IRT can Control Shipments

It is important to consider that as IRT is a software-based application, the uses and capabilities are limited only to the imagination of the designer and end user. That said, a system can be built to predict the fastest and/or most cost-effective pathways for shipments based on real-time data.

Similar to the way GPS calculates the best route for travel considering traffic conditions and tolls, if integrated with the database of a courier (such as DHL), average shipping times to get material into specified countries could be weighed against shipping costs to determine the most efficient and cost-effective route of transport. While savings per shipment might seem modest when compared to the overall cost of the trial, the aggregated savings can amass to hundreds of thousands of dollars, especially if the trial has a large number of sites across the globe.

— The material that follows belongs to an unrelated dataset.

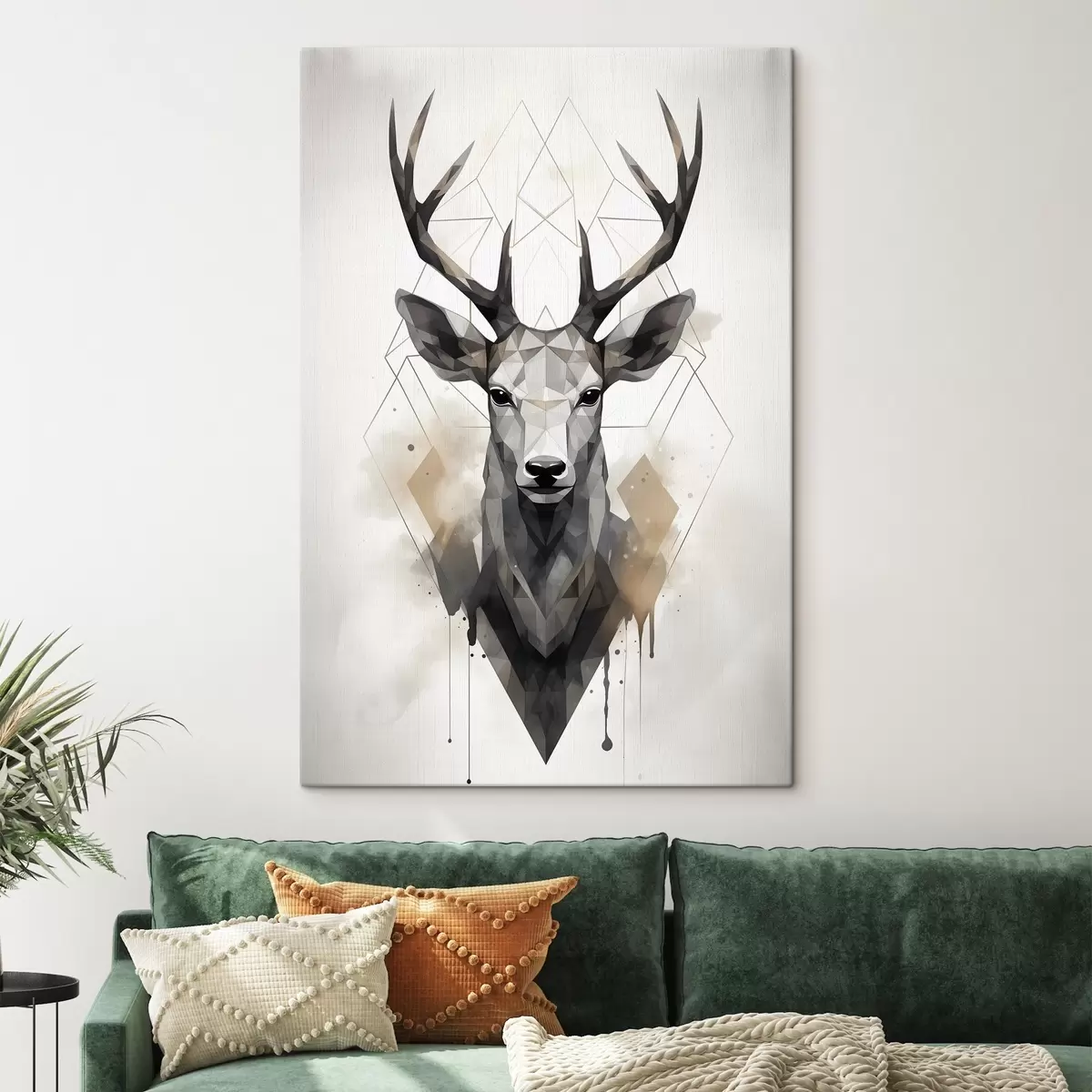 Tableau Un cerf avec des bois et un motif géométrique s37256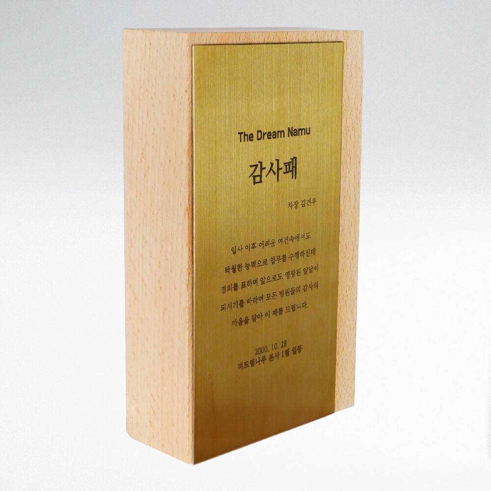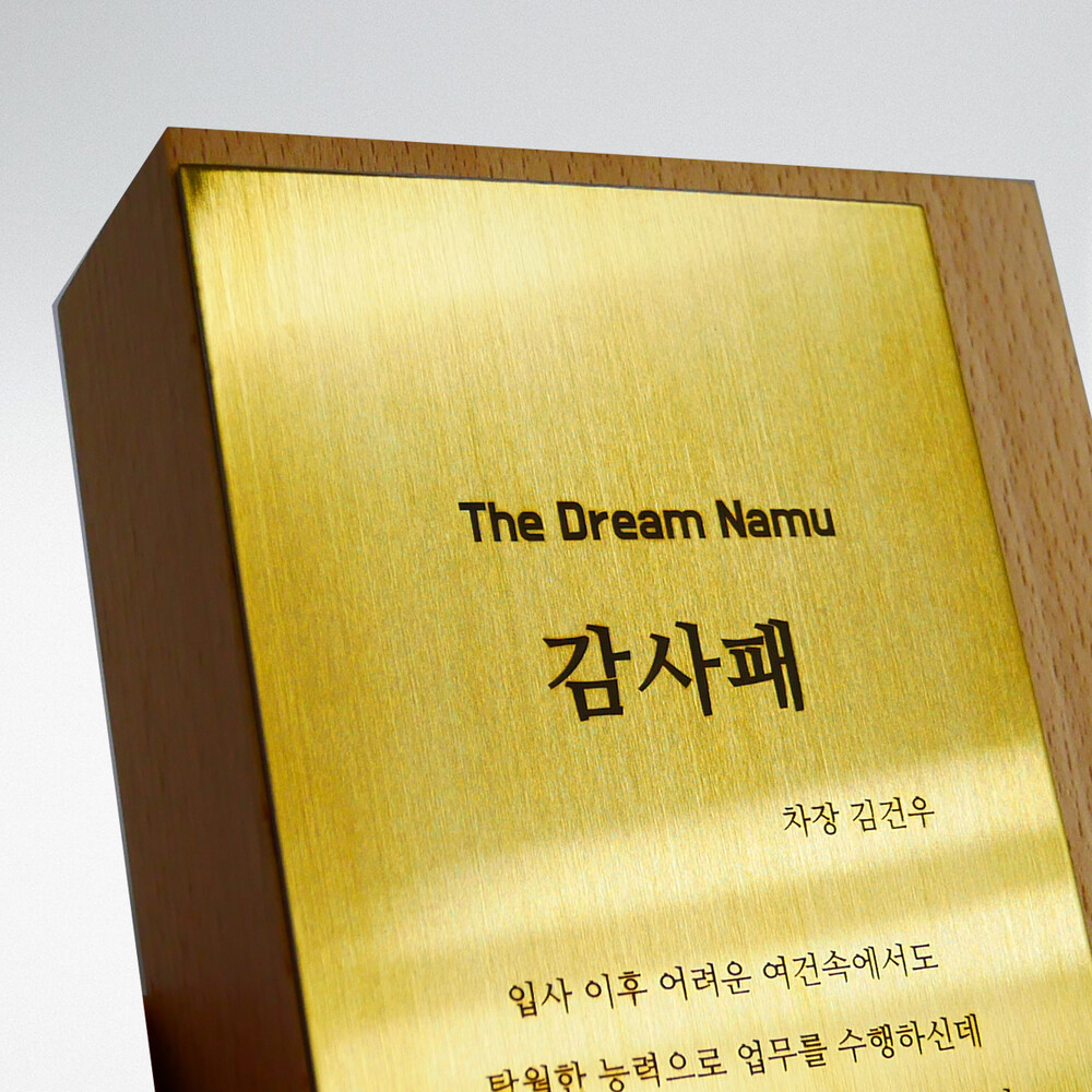 Metal- 골드 스텐 통원목 나무 감사패 금속 상패 기념패 공로패 우드 제작

A similar automation capability that should also be noted is that of prioritization of shipping through labeling factors, such as expiry and country-specific requirements. IRT can be designed to control shipments so that older lots are prioritized over those that are younger, and that once a certain threshold has been reached, shipping stops entirely for a particular batch. It can also be programmed to segregate label types, so that material that may have been split into batches with different labels can be shipped appropriately.

Opportunities to Recover Costs and Increase Efficiencies

In closing, it should be noted that there are numerous opportunities to recover costs and increase efficiencies in clinical trials through tighter management of the supply chain, of which the preceding examples are just a few. In addition to their explicit direct cost savings, many of these functional capabilities can have extraordinary implicit savings by preventing clinical trial delays due to supply-related issues. Such delays create major opportunity costs associated with lost sales due to shortened windows to sell product prior to expiry of patent, which can equate to millions of dollars and should therefore be given a high level of consideration.